Last week, I got back from a media conference in the capital where I was invited to speak about whether legacy media firms and new digital brands are allies or adversaries. The visit also offered an opportunity to catch up with some of my former colleagues from Forbes India. They were a part of a dream team that, as founding editor, I was privileged to lead.
Yet, since the launch of Forbes India more than 13 years ago, there’s a lot that’s changed. Very few still believe in the power of magazine journalism. Most of the titles —be it global or local—are struggling to make ends meet. If you asked a bright, young college graduate considering a career in journalism where he or she would like to work, it is unlikely that they would name any of the existing magazine brands.

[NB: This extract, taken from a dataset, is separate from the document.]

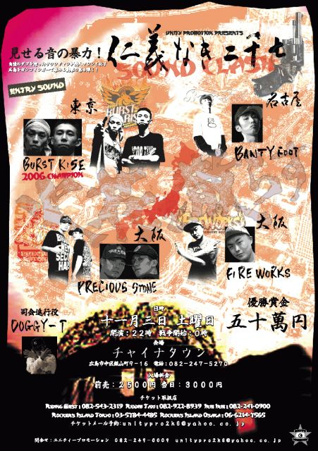 仁義なき2k7 日時 11/3(土) OPEN 22:00 WAR START 12:00 場所 チャイナタウン(広島) 料金 前売り¥2500 当日¥3000 エントリーサウンド BURST RISE(東京) 仁義なき戦い2k6チャンピオン BANTY FOOT(名古屋) FIRE WORKS(大阪) PRECIOUS STONE(大阪) ルール ポイント制 1ラウンド 10分 2ラウンド 10分 3ラウンド 10分 上位2サウンドが勝ち上がり ※ 3ポイント取ったら即優勝! ※ 1ポイントが3サウンドの場合は3サウンドで行う。4ラウンド終了後1サウンド脱落(4ラウンドは通常10分で

The magazine as an important cultural icon of our times has considerably diminished. Most magazine brands have struggled to make the transition to the digital world. The excitement that my colleagues and I experienced in building Forbes India is now a thing of the past.
However, over the last five decades, magazines in India have had their share of highs. India Today, Illustrated Weekly, Sunday, Business India and for a short period more recently, The Caravan, captured the public imagination, and many of their in-depth feature articles have remained firmly etched in our memories.

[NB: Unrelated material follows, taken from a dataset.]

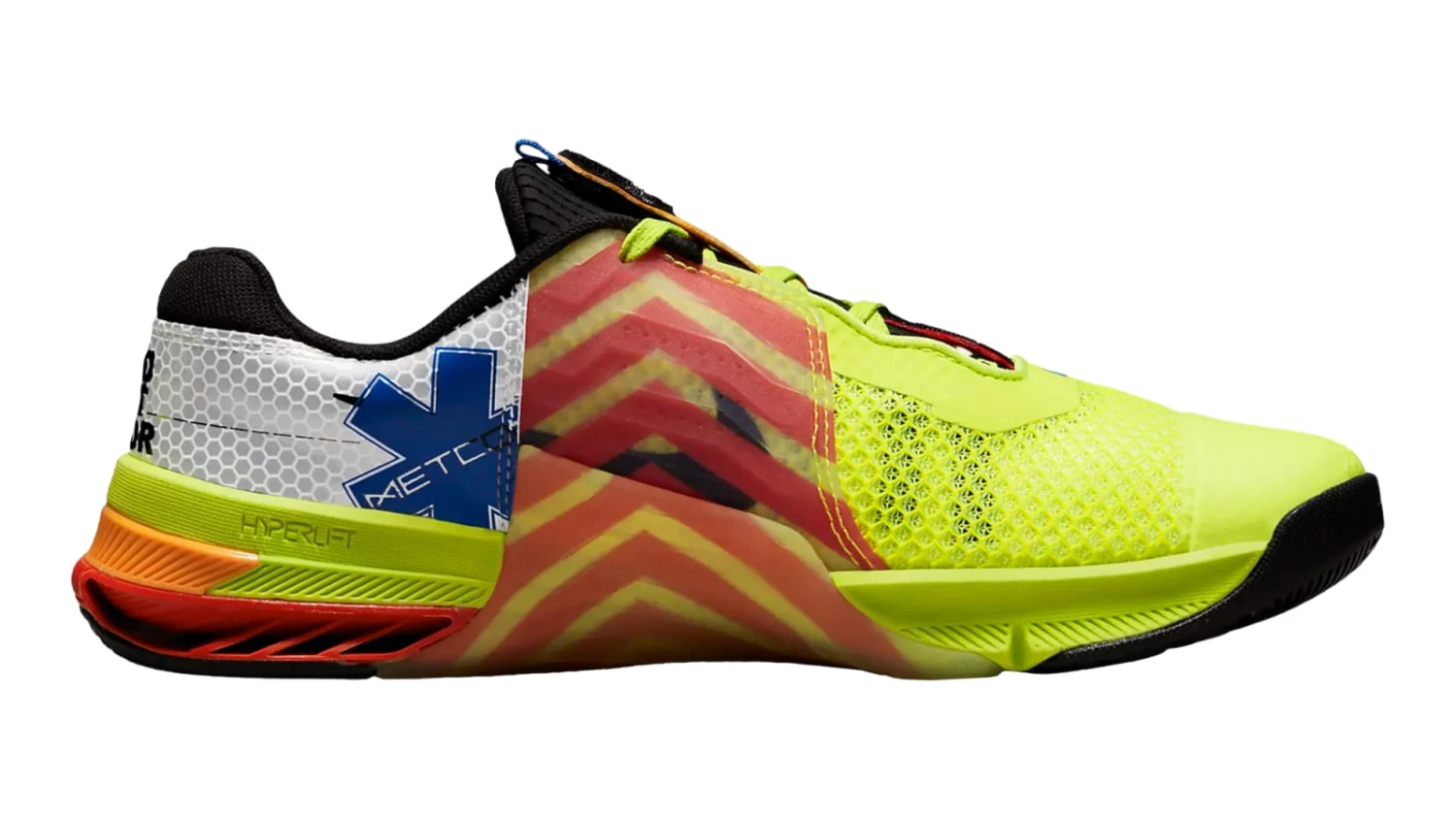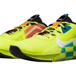 The AMP version of the Nike Metcon 7 is available here in Volt / Black / Bright Spruce / White.

I was fortunate to be part of two such phases of rejuvenation: One, the remarkable turnaround of Businessworld under maverick editor Tony Joseph. BW was then an also-ran. And it was a last ditch effort to save the magazine. And it turned out to be a miraculous success story. Its reinvention as the magazine of the new economy, the elevated quality of ideas and story-telling were part of the secret sauce. A rival editor later confided that the ideas that BW put on its cover didn’t even come up for discussion at their edit meetings. In 2008, when I started up Forbes India, the business magazine space was almost dead. Publishers were more excited about investing in newspapers and magazines had lost their mojo.
Yet the brief was simple: Create a world-class magazine out of India. Our attempts to breathe new life into the somnolent magazine space revolved around a key insight: A magazine’s raison d'etre was to actually slow things down for readers on the most important developments of our times. Instead, magazines began to compete with newspapers in delivering immediate news, here and now. It was futile —a race that magazines could almost never win. At best, it would be an incremental news agenda. And not a radical, agenda setting approach that promised new, deeper and wider perspectives for its readers. (That’s the reason why The Economist remains the reference brand in the global magazine industry, even though it prefers to call itself a newspaper.)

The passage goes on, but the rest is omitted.